Slip-Sliding Away

To all of you property owners out there: either (a) learn how to clear a sidewalk properly or (b) hire a competent snow removal service. Salt is not a magical ice-removing substance; it requires certain temperature ranges to work, and you need to actually, you know, spread it.

On top of that, shoveling the snow off of an underlayer of ice actually makes things worse for the average pedestrian. You might have to ::shock, horror:: actually exert some physical effort and clear the sidewalk with an ice scraper!

At any rate, I am glad I own my [Keen Boots of Lesser Hiking], in the Shadow color (their dumb website requires Flash). Oh yes, that was a multi-dimensional Wow and D&D pun. You know you love it.

Incidentally, one of my chores when we lived in Minnesota was scraping ice off of the driveway, so it’s not like I’m sitting up on a throne demanding things to be done “properly”, without any experience.

Dance, Dance, Dance” from Greatest Hits 1974-78 by Steve Miller Band


Comments

7 responses to “Slip-Sliding Away”

  1. My landlord only puts down salt and shovels the area around my building on weekdays. On weekends, everything gets wonderfully icey.

    Even better, the top few steps of each flight of stairs on my fire escape get coated with ice. Because I had to do laundry today, and wanted to not kill myself in the process, I finally went out with a broom handle and chipped a lot of it off.

    Of course, the stairs to the basement are still coated with 1/4-1/2″ of ice each, so actually gettiny my laundry back out should be interesting.
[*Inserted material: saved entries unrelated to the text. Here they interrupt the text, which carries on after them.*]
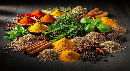 Colorful various of fresh and dried herbs, spices for cooking. Spice and herb seasoning, paprika powder, cinnamon, red onion. garlic, basil, ginger root on dark background.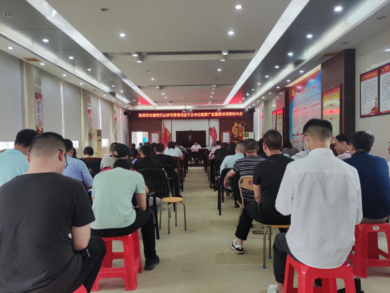 2023年4月28日,遂溪县住房和城乡建设局召开全体干部职工大会,传达学习习近平总书记视察广东重要讲话精神和省委常委会会议精神及省、市、县有关会议精神。局一级主任科员陈光时同志主持会议,局党组书记、局长郑辉同志出席并发表讲话,局机关全体干部职工及下属单位负责人共50多人参加了会议。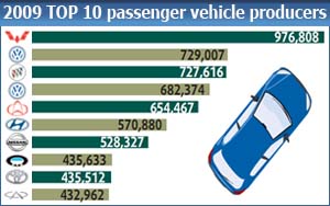 China's passenger vehicle market ended last year with a 59 percent year-on-year sales increase to surpass the United States as the world's largest auto market for the first year, thanks to the central government's stimulus package.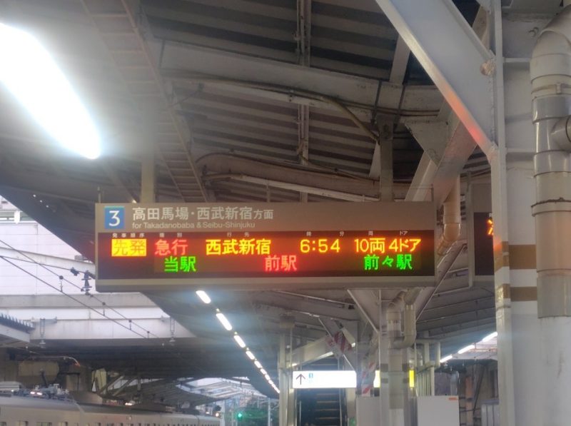 高田馬場駅が近づき、外の風景がよりいっそう都会的になってくると、「まもなく高田馬場に到着いたします」というアナウンスが入った。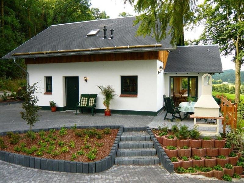 Что касается садика перед домом, он чаще всего декорируется гортензиями, статуэтками, физалисами и многими другими видами цветов, а то и деревьев.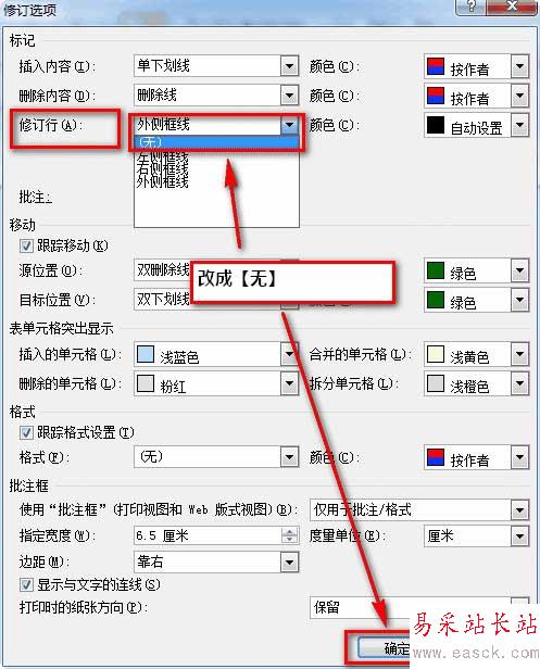 2、將【修訂行】出的下拉菜單改成【無】,確定即可。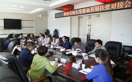 根據(jù)近期全省高校結(jié)對(duì)幫扶貧困縣工作會(huì)議部署,5月8日,校扶貧領(lǐng)導(dǎo)小組副組長(zhǎng),校黨委副書記張木、副校長(zhǎng)楊戰(zhàn)社帶領(lǐng)學(xué)校扶貧辦公室成員赴永壽縣人民政府、永平鎮(zhèn)、堅(jiān)固村進(jìn)一步開展扶貧結(jié)對(duì)對(duì)接調(diào)研。永壽縣委常委、副縣長(zhǎng)樊莉霞及縣委縣政府有關(guān)部門負(fù)責(zé)人;縣委常委、紀(jì)委書記張振乾,副縣長(zhǎng)任各,永平鎮(zhèn)鎮(zhèn)長(zhǎng)秦立飛;堅(jiān)固村黨支部書記成軍平、村民委員會(huì)主任李小勇等分別與學(xué)校對(duì)接調(diào)研組進(jìn)行了座談交流。

  2. There are many things I miss about Minneapolis, but snow and ice removal duty isn’t one of them. Every morning after a snowfall, my dad would roust me from bed half an hour early so I could shovel the driveway. Blef.

    And I did catch the WoW/D&D pun. ;-)

  3. Who has to shovel in front of rental property? I assumed it was tenants, but maybe not. (I don’t remember from when I was renting here twelve years ago; the place Amy and I were renting a year ago was in a big building, and they hired people who did a pretty good job.)

  4. From my own experience it varies, but it’s usually spelled out in the lease.

  5. Yeah, usually spelled out in the lease or a rider I think. It probably depends a lot on the type of building: When you rent a house, you probably have to do it yourself but when we lived in a complex of 12 rows of townhouses with a shared driveway/parking lot, the deal was that he would have the landscaping company go down the driveway with a snowplow (so you still have to dig out your car, but at least you have somewhere to take it) and shovel/salt the shared sidewalks, but individual units are responsible for their own patios and the bits of sidewalk between patio and shared sidewalk. Actually, I’m not sure about that last even. I think he just prioritized the tasks in such a way that tenants did have to do some work if they wanted to have clear sidewalks right away. So, driveway done as quickly as necessary, then the back sidewalks so the garbage collectors can get through, then everything else, including part of people’s patios, but that could be late Monday morning for a weekend snowfall, so we would collectively clear a path from our units to our cars.

  6. I see that if I were to buy some Keen boots, I’d be forced to buy them in men’s sizes…

  7. I’d been giving my neighbors a bit of slack considering the consistency of the stuff was concrete-like almost instantly. But those who plowed the driveway *onto* and across the sidewalk deserve to be slapped upside the head with one of the ice bricks I removed from the car.

    Today I’ve heard a lot of scraping and chipping in the above-freezing conditions. I hope this means my walk to the T will be easier Tuesday. I still have yak tracks, too.